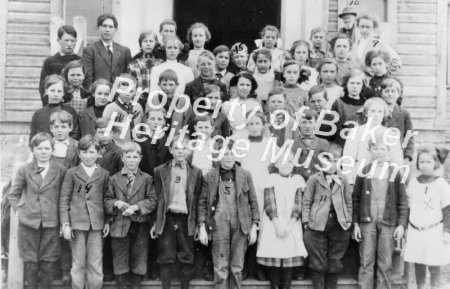 Picture 2) First row L to R Gerlrude Evans, Goldie Phillips, Margeret Gieldings, Elhil Davenport, Perey Wallace, Mary Dunn, Valetta Knapp, Lena Taliterd, Warren Lemon. 2nd row Opal Wood, Helen Tahor, Sarah Miller, Rella Reilly, Eslher Harris, Grace Allen,Lucile Ball. 3rd row Molly Wallace, Erma Davenport, Minnie Davenport, Grace Chappel, Mary Allen, Ira Jellison, Joe Ashby, Bertha Houser, Elwood Denny (above her). 4th row Wallace Jeffison, Ray McDeritt, Claud Davenport, Walter Brodie, Merton Dickinson, Orlin Ireland (above) Teachers: Phoebe Irwin, Lon Swift Caretaker Mr. Dickison 85.68.021
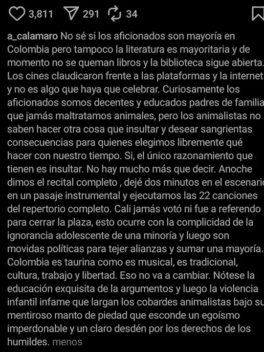 Un día después, el cantante dejó un posteo en sus redes sociales: “Curiosamente los aficionados somos decentes y educados padres de familia que jamás maltratamos animales, pero los animalistas no saben hacer otra cosa que insultar y desear sangrientas consecuencias para quienes elegimos libremente qué hacer con nuestro tiempo. Si, en único razonamiento que tienen es insultar. No hay mucho más que decir”.
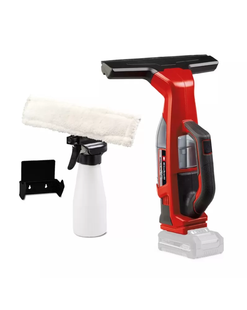 Okna beze šmouh během okamžiku – s akumulátorovým čističem oken Einhell BRILLIANTO je bezchybný výsledek jistotou. Čistič je součástí rodiny Power X-Change a lze jej kombinovat se všemi systémovými bateriemi a nabíječkami. Bezdrátové čištění oken bez zbytečných prodlev: umožňuje to systém výměnných baterií Power X-Change a technologie vysokorychlostního nabíjení. Pokud je používaná baterie vybitá, lze ji snadno vyměnit za plně nabitou a doba provozu tak není nijak omezena. Akumulátorový čistič oken BRILLIANTO se dodává s 300 ml lahvičkou s rozprašovačem. Součástí balení je pak i kvalitní podložka z mikrovlákna pro snadné čištění skleněných povrchů. Zbytky vody a nečistoty sbírá zařízení pomocí 28 cm dlouhé sací hubice. Dokonalá souhra mezi tryskou a gumovou stěrkou zajišťuje bezchybné výsledky beze šmouh – bez ohledu na to, zda jsou skleněné povrchy čištěny v horizontálním, vertikálním nebo diagonálním směru. Díky tomu je akumulátorový čistič oken opravdu všestranný – používá se nejen k mytí oken, ale také k čištění dlaždic, sprch, skleněných stolků, oken v autě nebo výloh. Nádržka na znečištěnou vodu má objem 100 ml a lze ji zcela vyjmout a pohodlně vyprázdnit a vyčistit. Díky lehké a kompaktní konstrukci se speciálními povrchy Softgrip padne čistič oken pohodlně do ruky, aniž by klouzal. Spínač je vybaven funkcí nepřetržitého chodu pro časově náročné úklidové práce. Akumulátorový čistič oken lze uložit v dodávaném nástěnném držáku jednoduchým a prostorově úsporným způsobem. BRILLIANTO se dodává bez baterie nebo nabíječky. Ty jsou k dispozici samostatně, např. jako praktický startovací set. Sada teleskopických tyčí pro čištění špatně dostupných oken a sada trysek pro čištění úzkých a velkých skleněných ploch jsou k dispozici samostatně jako praktické příslušenství.
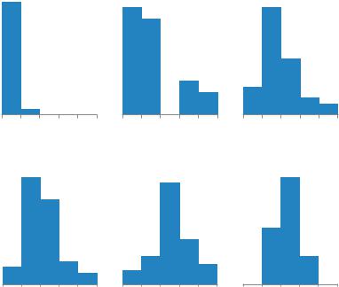 В зависимости от принадлежности наблюдения к 1 из 6 категорий по показателю X1, распределения по показателю Y1 «Количество выявленных несовершеннолетних, совершивших преступления» выглядят, как на рис. 3.
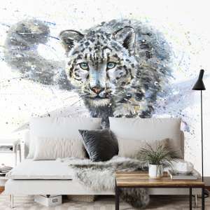 Fototapeta Lampart Śnieżny FT511 to dekoracja przedstawiająca majestatycznego lamparta śnieżnego w zimowej scenerii, idealna do wnętrz inspirowanych naturą.
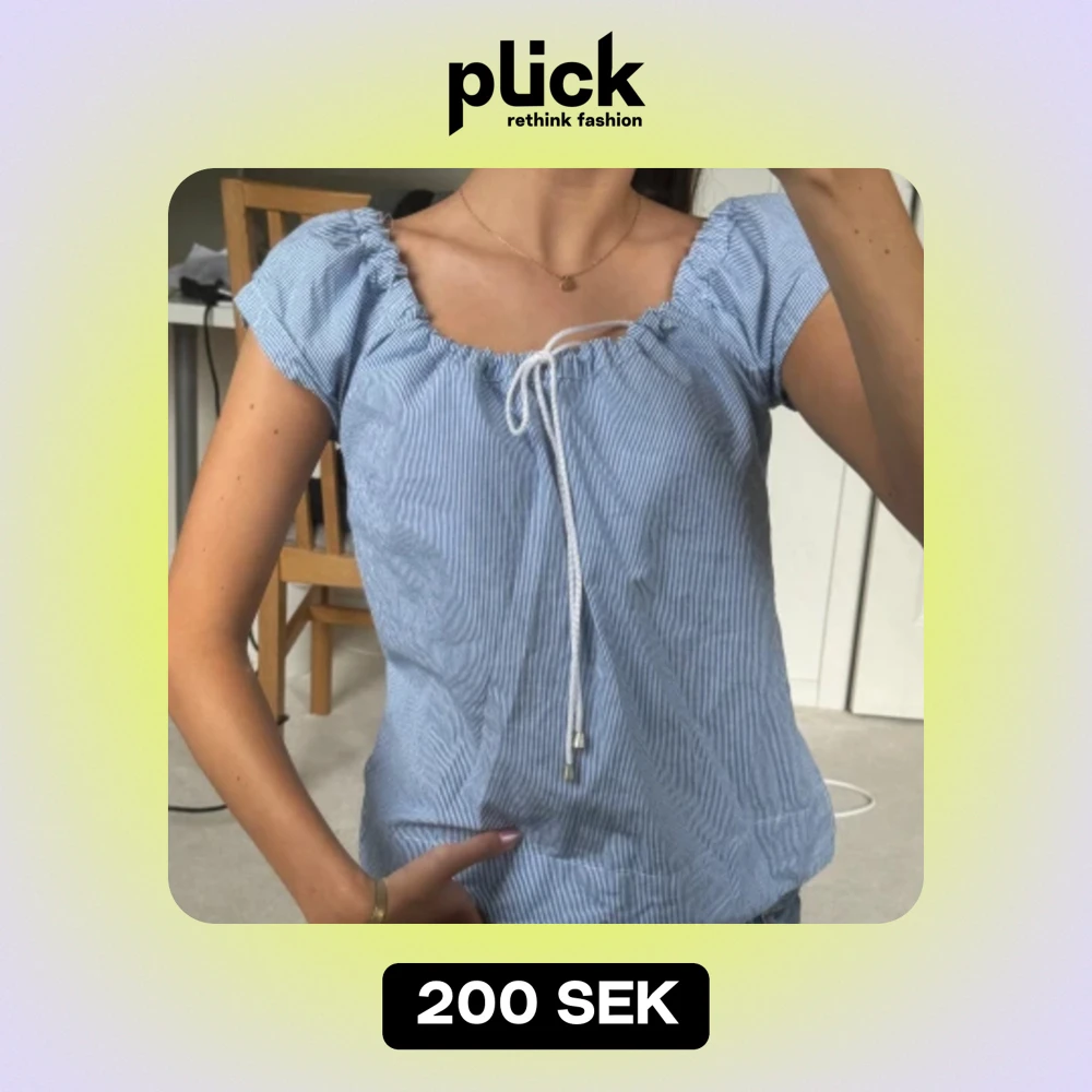 Säljer en superfin blå- och vitrandig topp med korta ärmar och en söt knytning framtill, toppen skick utan defekter!
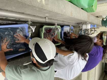 今日は学校で毎日使っていて、夏休みにも持ち帰らない「防災頭巾」のカバーを手洗いしました。ずーっと洗っていなかった人のものは、洗い桶の水が灰色になるくらいに汚れていてびっくり!押し洗いをして、よくすすぎ、スッキリしたところで干しました。
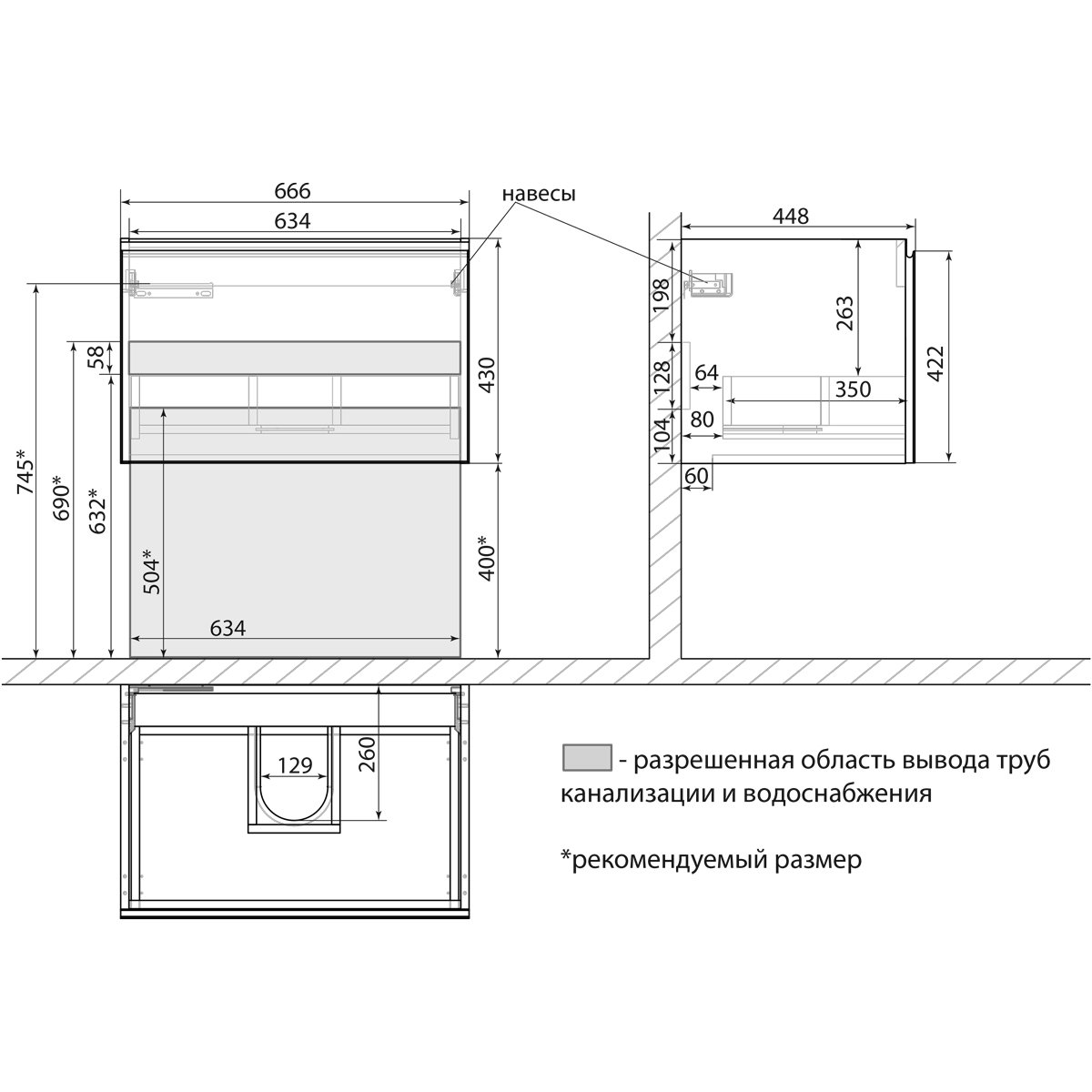 Тумба с раковиной Lemark Veon Mini LM02VM70T 70 1 ящик

= = = =

The output must start at the line holding "Fototapeta Lampart Śnieżny", end at the last line of the listing above, and show each line exactly; please omit all pictures.

_EXERCISE RESULT_.
 Fototapeta Lampart Śnieżny FT511 to dekoracja przedstawiająca majestatycznego lamparta śnieżnego w zimowej scenerii, idealna do wnętrz inspirowanych naturą.
 Säljer en superfin blå- och vitrandig topp med korta ärmar och en söt knytning framtill, toppen skick utan defekter!
 今日は学校で毎日使っていて、夏休みにも持ち帰らない「防災頭巾」のカバーを手洗いしました。ずーっと洗っていなかった人のものは、洗い桶の水が灰色になるくらいに汚れていてびっくり!押し洗いをして、よくすすぎ、スッキリしたところで干しました。
 Тумба с раковиной Lemark Veon Mini LM02VM70T 70 1 ящик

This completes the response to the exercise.